How do you compress an action of a humanoid to an integer id in range [0, 1000]?

1x-technologies / 1xgpt

world modeling challenge for humanoid robots

Apache License 2.0

359 stars 30 forks source link

How do you compress an action of a humanoid to an integer id in range [0, 1000]? #4

Closed StarCycle closed 4 months ago

StarCycle commented 4 months ago

Hello,

I check the vector quantinized actions in the dataset. Surprisingly, an action is quantinized to only an integer id in range [0, 1000]. The compression ratio is quite high since a humanoid has so many joints...

How do you quantinized the actions? Do you train an action encoder-decoder like DeepMind's Genie (so the action in dataset is only a latent action and has no relation with real actions of humanoid joints)?

Best, StarCycle

kev-zhao commented 4 months ago

Hello StarCycle,

Our current method of quantizing actions is simply an autoencoder with FSQ applied to the latent space. We are discretizing the actual humanoid actions, not learning latent actions like GENIE. We are considering releasing the raw actions and should have more information within 2 weeks.

StarCycle commented 4 months ago

Hi @kev-zhao,

I see.

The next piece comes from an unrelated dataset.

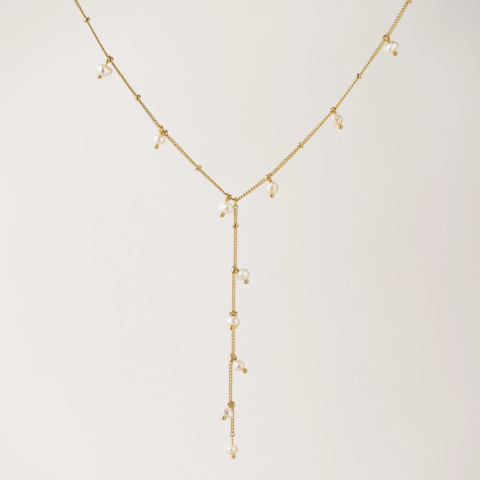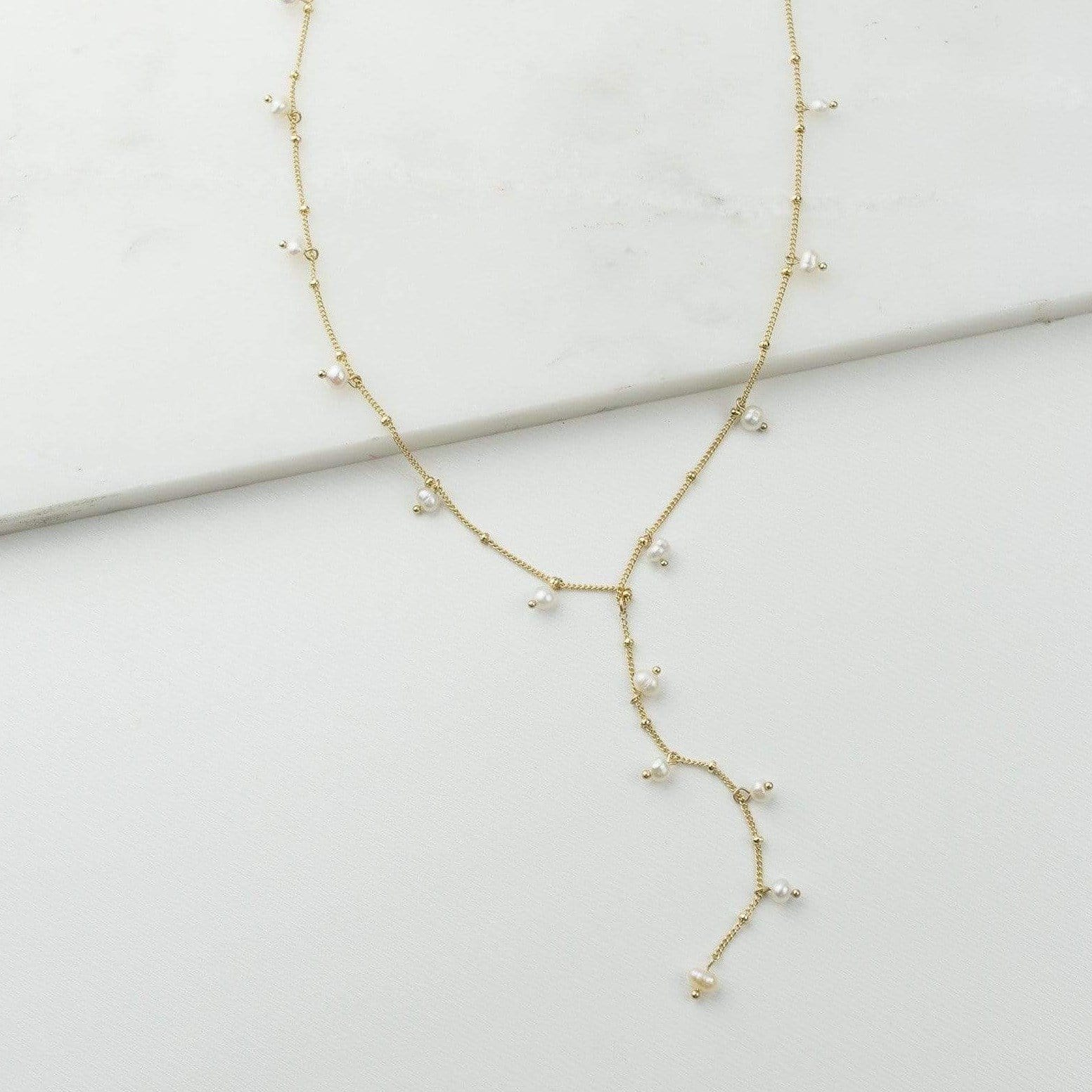 Dot Pearl Lariat Gold Necklace

But quantizing float number actions of so many joints to a singe integer between 0 and 1000 still sounds crazy...

Just curious: is it possible to train humanoid policy whose output is the latent action (i.e., the integer id), and then recover this latent action to continuous actions? What's the success rate of this policy?

A similar research is vqbet. It does compress the action but also predicts continuous number directly.

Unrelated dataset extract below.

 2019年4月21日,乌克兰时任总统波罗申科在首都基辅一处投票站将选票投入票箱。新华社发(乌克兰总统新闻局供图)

Looking forward to your response!

Guitaricet commented 4 months ago

I believe we don't use all joints for these actions, but a (relatively large) subset that is enough for both manipulation and navigation tasks. Plus, not all of the possible combinations of values are 1) physically possible 2) useful 3) present in the data, which makes the compression to 1000 values more realistic. We are looking at alternative quantizers though.

StarCycle commented 4 months ago

So some joint angles decoded from the action id may be not physical possible. That makes a lot of sense.

Would you like to compress joints to multiple integer ids, instead of a single one. And also use such action representation to train robotics policy?

StarCycle commented 4 months ago

Hello @Guitaricet @kev-zhao @ericjang ,

Would you like to try this as a new action tokenizer?

Guitaricet commented 4 months ago

Thank you for a reference! I believe the biggest difference here is that they use VQ-VAE instead of SFQ? I can take a deeper look, but I think SFQ should be similar quality as VQ-VAE, but much easier to train. At least this is the promise of the SFQ paper

StarCycle commented 4 months ago

Hi @Guitaricet,

I agree. I do like codebook-free algorithms like FSQ!

For SAQ, the core idea is to use state-conditioned action encoder and decoder which may compresses the actions better. Looking forward to your results!

─=≡Σ((( つ•̀ω•́)つ

ericjang commented 4 months ago

Thanks @StarCycle - we are releasing raw action data in the v1.0 release, so you can experiment a bit with the tokenization yourself. We've removed our own action tokens for now because we're not confident they are high quality enough (experiments on real robots suggest they are not great).